All Bets Are Off!

2015-12-15_4-50-49

We got hit with some major volatility yesterday with a 19.5 point move up in 2 minutes (but only 53k contracts traded) and then a 1 minute 16 point drop, again with just 26k contracts traded. Big swings with relatively low volume means that the liquidity disappeared. Just after that, a fellow trader sent me a link to this article....

The Market Has Just Gone Nuts | Zero Hedge

The upshot being that there's US$1.1 trillion in S&P500 options expiring Friday with a lot of them being puts just below where the market is.

Now - a couple of things to consider there.

1 - People tend to overblow the numbers when they talk about derivatives. The nominal value of a single emini S&P500 contract is a little over $100k but obviously when you trade a contract, you are not risking $100. So when people report numbers, they tend to do so in the most newsworthy manner. So there is a tendency to pump up the numbers to the highest one that fits.

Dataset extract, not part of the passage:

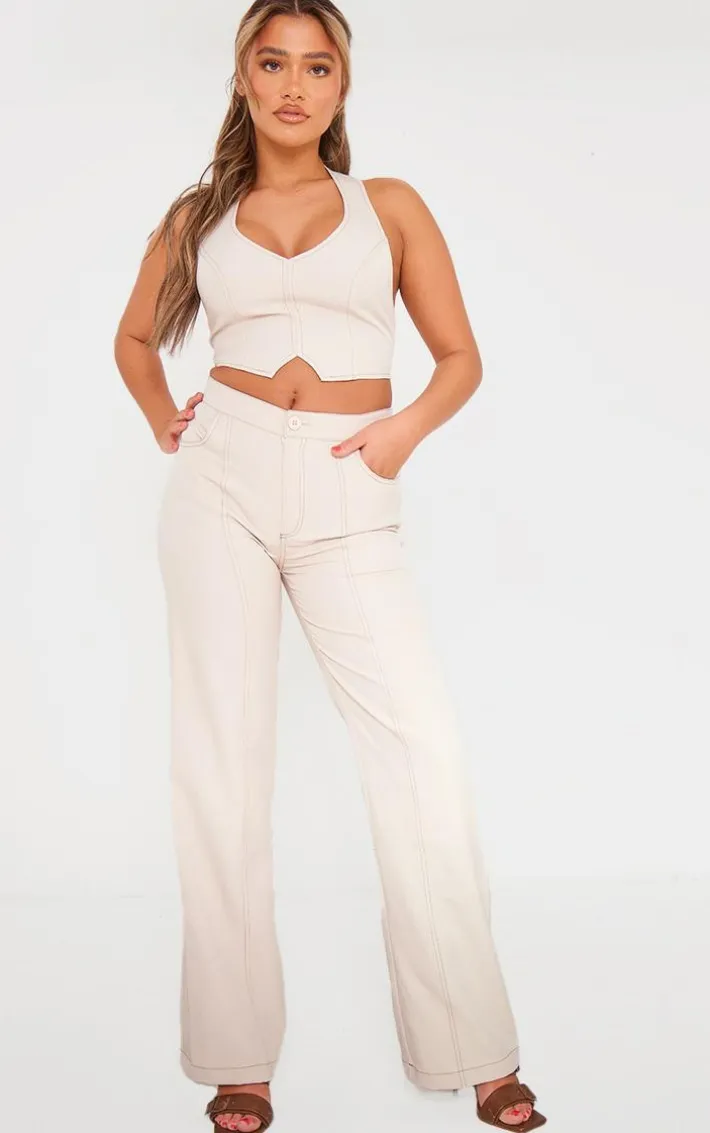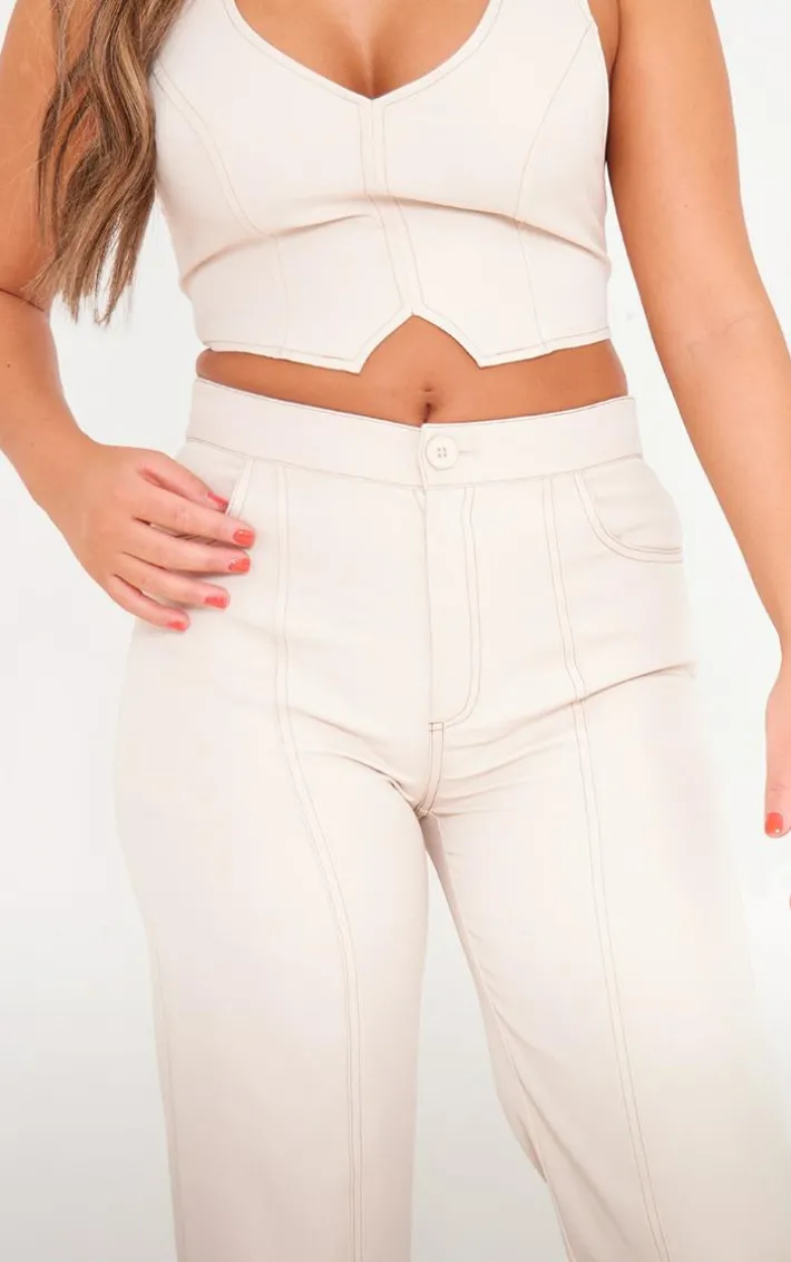 Give your new season wardrobe the chic upgrade it deserves with these stone tailored contrast stitching seam detail wide leg pants, you won’t be able to resist. These pants feature a stone material with contrast stitch detailing and a wide leg design. Style with the matching top, heels and your fave accessories for a flawless finish.

2 - Regardless of the fact the market is overweight puts, there were buyers and sellers of those puts. So there's people on both sides of that trade, people that will benefit if it goes down, people that will benefit if it goes up.

3 - Many of the puts will not have been speculative trades but hedges, so some of the holders wont care what the market does.

But still - that's a lot of money on the line and we can't expect either side to just sit by the sidelines and wait it out.

Tennis is not considered a dangerous sport, but it becomes dangerous when playing in a court full of elephants. In my opinion, that's what we have today. We have a potential FED rate hike (or not) and we have a lot of people that stand to benefit and lose based on where price ends up on Friday. So it could get interesting.

My own method of looking at the market is to look for areas I think speculators might jump on board and then joining when they do. I don't think this is that type of market. That presumes that speculators are the main players and that liquidity providers are doing their job in a fairly safe environment.

I think the market conditions - will cause liquidity providers to be extra cautious (i.e. missing) and for speculators like myself to be less significant. There is the potential for the markets to get pushed around.

In short, it's more dangerous to trade right now and in addition, my own method of analyzing the market is based on a set of presumptions that cannot be relied on from here till Friday.

That doesn't mean you can't trade it. I will watch it and see and possibly try to scale into a trade if the market puts in a run. If liquidity disappears, I won't even try that.